**PROMPT**
Copy out precisely the line that holds "国家移民管理局8月11日发布" and all the lines following it in the data, up to and including the last one, and no others.

**DATA TO PROCESS**
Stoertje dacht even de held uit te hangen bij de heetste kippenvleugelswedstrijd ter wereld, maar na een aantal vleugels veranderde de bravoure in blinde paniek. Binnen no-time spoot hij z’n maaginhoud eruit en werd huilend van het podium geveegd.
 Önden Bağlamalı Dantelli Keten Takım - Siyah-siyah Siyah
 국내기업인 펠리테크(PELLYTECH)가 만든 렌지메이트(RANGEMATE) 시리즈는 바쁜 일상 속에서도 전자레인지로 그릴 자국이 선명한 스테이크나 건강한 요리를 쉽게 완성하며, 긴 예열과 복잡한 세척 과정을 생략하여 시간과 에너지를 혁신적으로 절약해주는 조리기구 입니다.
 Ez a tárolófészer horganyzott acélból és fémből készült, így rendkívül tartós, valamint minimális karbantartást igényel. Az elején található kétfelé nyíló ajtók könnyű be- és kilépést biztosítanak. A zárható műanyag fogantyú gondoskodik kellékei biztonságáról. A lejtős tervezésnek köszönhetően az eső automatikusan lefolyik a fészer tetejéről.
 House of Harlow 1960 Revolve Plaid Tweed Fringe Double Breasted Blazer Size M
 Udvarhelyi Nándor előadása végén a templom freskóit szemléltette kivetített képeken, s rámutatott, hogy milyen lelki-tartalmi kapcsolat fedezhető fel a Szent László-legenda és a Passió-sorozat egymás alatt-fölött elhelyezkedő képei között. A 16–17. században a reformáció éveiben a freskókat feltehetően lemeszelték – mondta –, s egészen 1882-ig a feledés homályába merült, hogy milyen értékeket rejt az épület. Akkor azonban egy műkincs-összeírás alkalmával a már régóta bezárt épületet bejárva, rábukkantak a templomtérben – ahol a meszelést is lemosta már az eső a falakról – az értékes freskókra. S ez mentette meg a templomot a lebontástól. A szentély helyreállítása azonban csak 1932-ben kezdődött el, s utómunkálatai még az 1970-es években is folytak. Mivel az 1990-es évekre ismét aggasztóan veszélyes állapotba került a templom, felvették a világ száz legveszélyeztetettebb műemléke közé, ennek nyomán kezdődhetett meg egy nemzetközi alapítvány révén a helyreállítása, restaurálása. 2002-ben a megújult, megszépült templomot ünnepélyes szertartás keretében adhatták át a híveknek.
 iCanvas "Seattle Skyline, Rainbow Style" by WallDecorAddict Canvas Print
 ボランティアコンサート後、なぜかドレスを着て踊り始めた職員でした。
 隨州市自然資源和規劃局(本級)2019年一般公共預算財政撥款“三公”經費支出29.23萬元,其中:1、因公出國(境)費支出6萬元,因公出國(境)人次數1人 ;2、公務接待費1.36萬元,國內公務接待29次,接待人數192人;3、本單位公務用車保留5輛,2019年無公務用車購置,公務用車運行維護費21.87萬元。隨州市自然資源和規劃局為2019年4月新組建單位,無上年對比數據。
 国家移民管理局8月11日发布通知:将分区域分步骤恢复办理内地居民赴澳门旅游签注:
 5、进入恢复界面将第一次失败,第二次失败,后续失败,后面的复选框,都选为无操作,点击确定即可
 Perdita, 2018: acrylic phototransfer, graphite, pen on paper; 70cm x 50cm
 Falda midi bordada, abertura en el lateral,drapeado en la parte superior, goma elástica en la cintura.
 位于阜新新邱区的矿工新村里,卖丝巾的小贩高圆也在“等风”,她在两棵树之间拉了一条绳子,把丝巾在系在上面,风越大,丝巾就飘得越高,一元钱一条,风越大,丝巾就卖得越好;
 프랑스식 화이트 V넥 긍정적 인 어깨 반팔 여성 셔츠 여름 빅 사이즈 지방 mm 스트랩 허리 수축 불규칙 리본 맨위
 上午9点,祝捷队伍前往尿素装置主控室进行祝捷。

**ANSWER SPACE**
 国家移民管理局8月11日发布通知:将分区域分步骤恢复办理内地居民赴澳门旅游签注:
 5、进入恢复界面将第一次失败,第二次失败,后续失败,后面的复选框,都选为无操作,点击确定即可
 Perdita, 2018: acrylic phototransfer, graphite, pen on paper; 70cm x 50cm
 Falda midi bordada, abertura en el lateral,drapeado en la parte superior, goma elástica en la cintura.
 位于阜新新邱区的矿工新村里,卖丝巾的小贩高圆也在“等风”,她在两棵树之间拉了一条绳子,把丝巾在系在上面,风越大,丝巾就飘得越高,一元钱一条,风越大,丝巾就卖得越好;
 프랑스식 화이트 V넥 긍정적 인 어깨 반팔 여성 셔츠 여름 빅 사이즈 지방 mm 스트랩 허리 수축 불규칙 리본 맨위
 上午9点,祝捷队伍前往尿素装置主控室进行祝捷。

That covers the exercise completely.